## [Information provided]
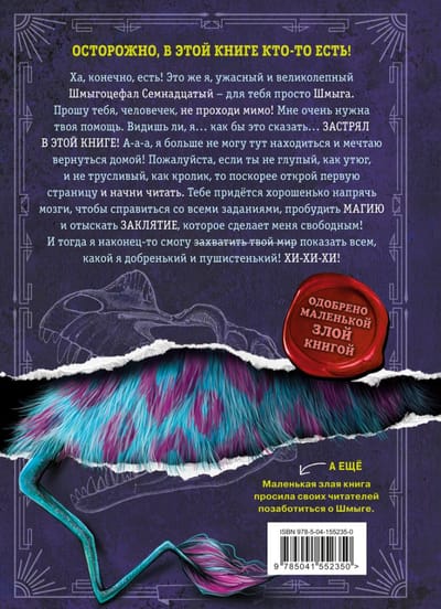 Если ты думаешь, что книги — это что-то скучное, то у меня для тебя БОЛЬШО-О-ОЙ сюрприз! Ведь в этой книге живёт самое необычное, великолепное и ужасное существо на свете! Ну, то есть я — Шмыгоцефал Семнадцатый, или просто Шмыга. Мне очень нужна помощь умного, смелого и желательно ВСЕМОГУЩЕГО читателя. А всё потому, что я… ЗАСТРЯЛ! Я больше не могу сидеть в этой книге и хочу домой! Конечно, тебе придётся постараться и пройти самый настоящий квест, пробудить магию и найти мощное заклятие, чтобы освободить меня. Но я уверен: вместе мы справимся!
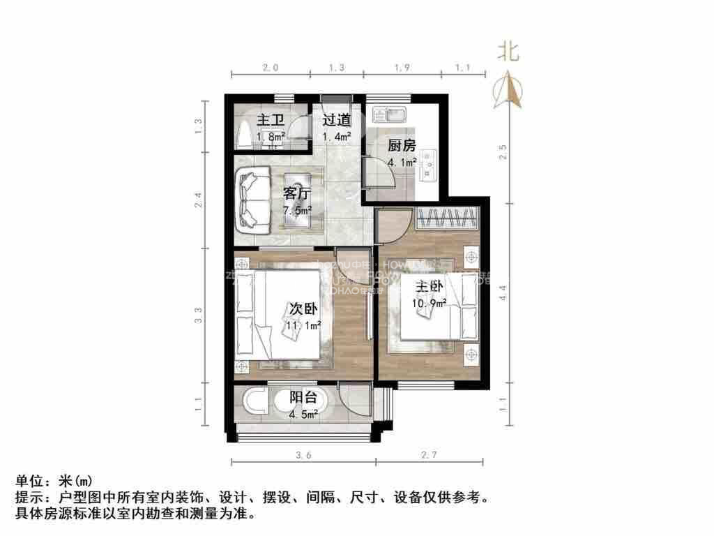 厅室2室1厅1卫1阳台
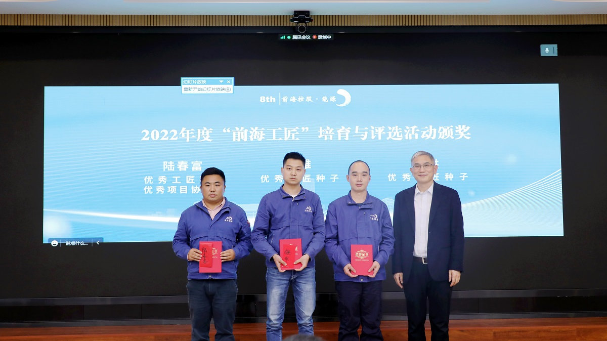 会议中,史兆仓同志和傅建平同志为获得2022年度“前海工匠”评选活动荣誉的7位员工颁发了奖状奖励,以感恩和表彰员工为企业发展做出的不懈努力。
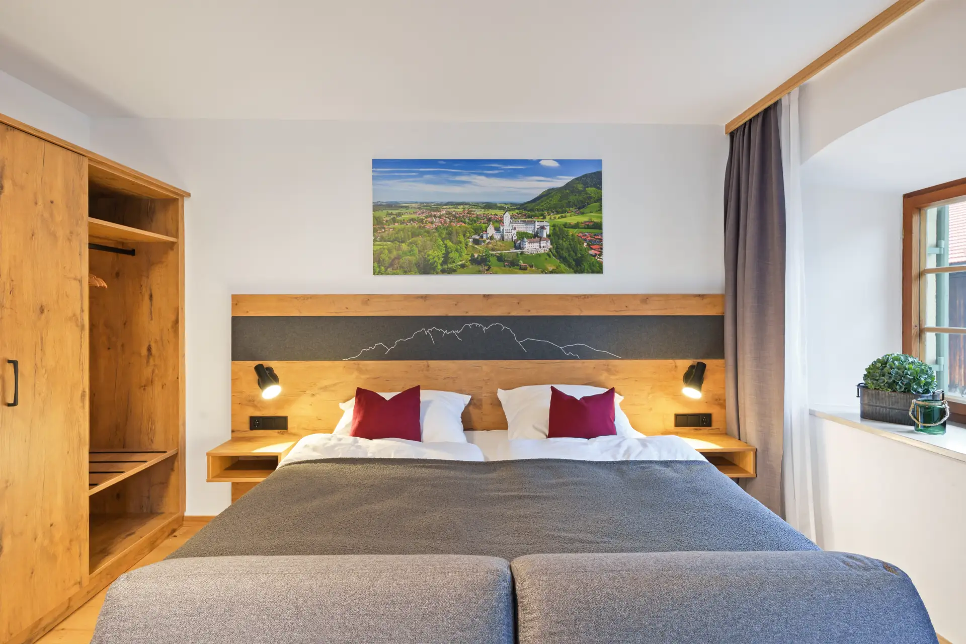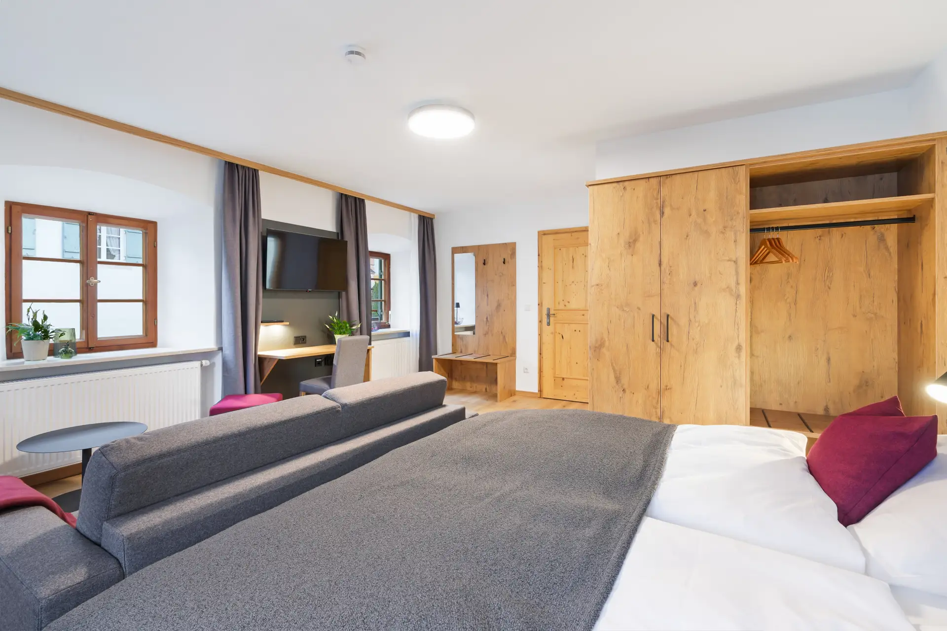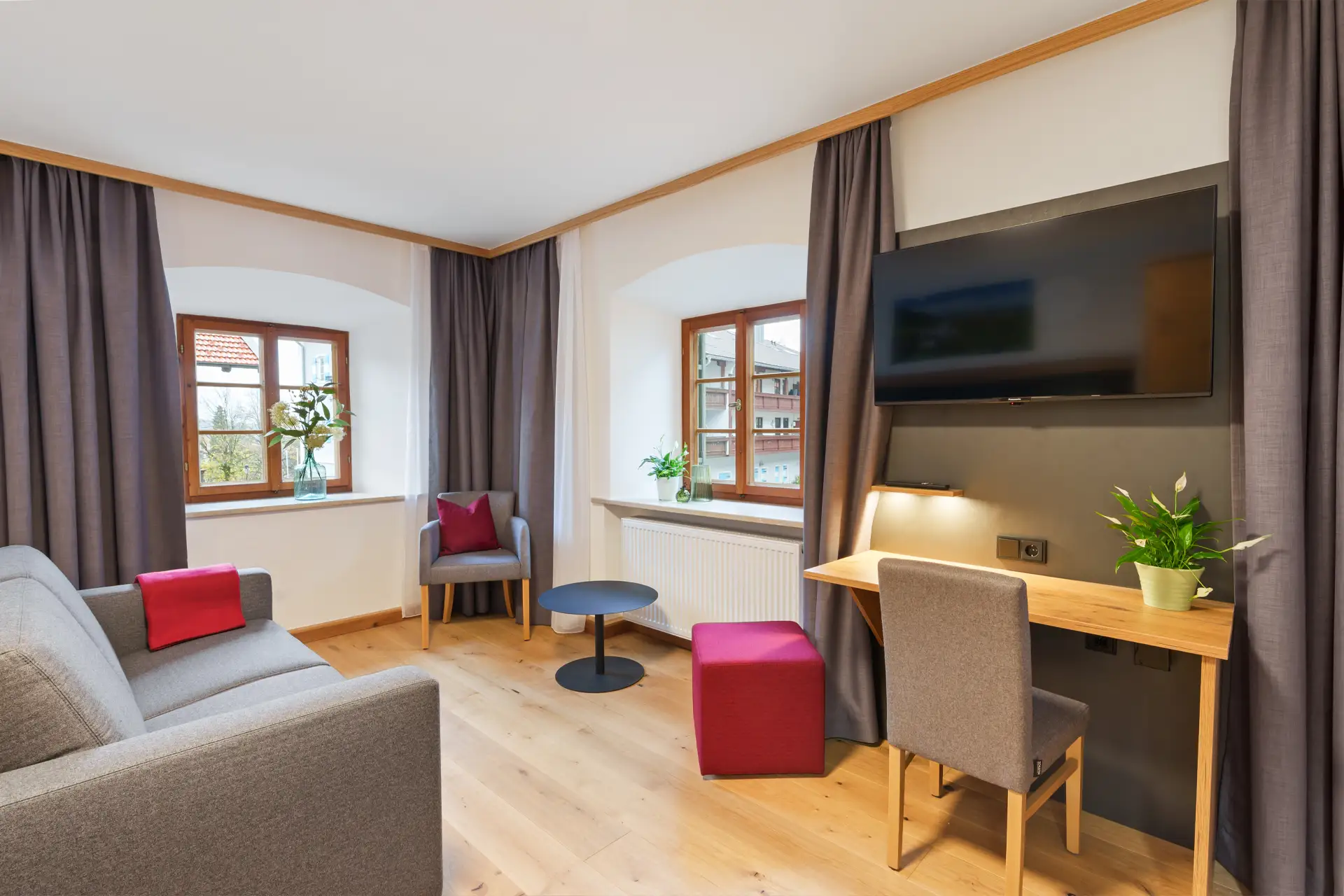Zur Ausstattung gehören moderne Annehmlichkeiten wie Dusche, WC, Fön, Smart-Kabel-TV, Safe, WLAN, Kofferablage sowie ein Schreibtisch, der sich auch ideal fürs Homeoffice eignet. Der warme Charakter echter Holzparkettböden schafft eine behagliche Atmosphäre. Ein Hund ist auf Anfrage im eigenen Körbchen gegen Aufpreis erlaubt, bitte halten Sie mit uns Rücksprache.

## [What is being asked]
For this exercise, repeat word for word only the lines from the one containing "厅室2室1厅1卫1阳台" through the end of the data, including both. Pictures do not go in the copy.

## [Answer space]
 厅室2室1厅1卫1阳台
 会议中,史兆仓同志和傅建平同志为获得2022年度“前海工匠”评选活动荣誉的7位员工颁发了奖状奖励,以感恩和表彰员工为企业发展做出的不懈努力。
Zur Ausstattung gehören moderne Annehmlichkeiten wie Dusche, WC, Fön, Smart-Kabel-TV, Safe, WLAN, Kofferablage sowie ein Schreibtisch, der sich auch ideal fürs Homeoffice eignet. Der warme Charakter echter Holzparkettböden schafft eine behagliche Atmosphäre. Ein Hund ist auf Anfrage im eigenen Körbchen gegen Aufpreis erlaubt, bitte halten Sie mit uns Rücksprache.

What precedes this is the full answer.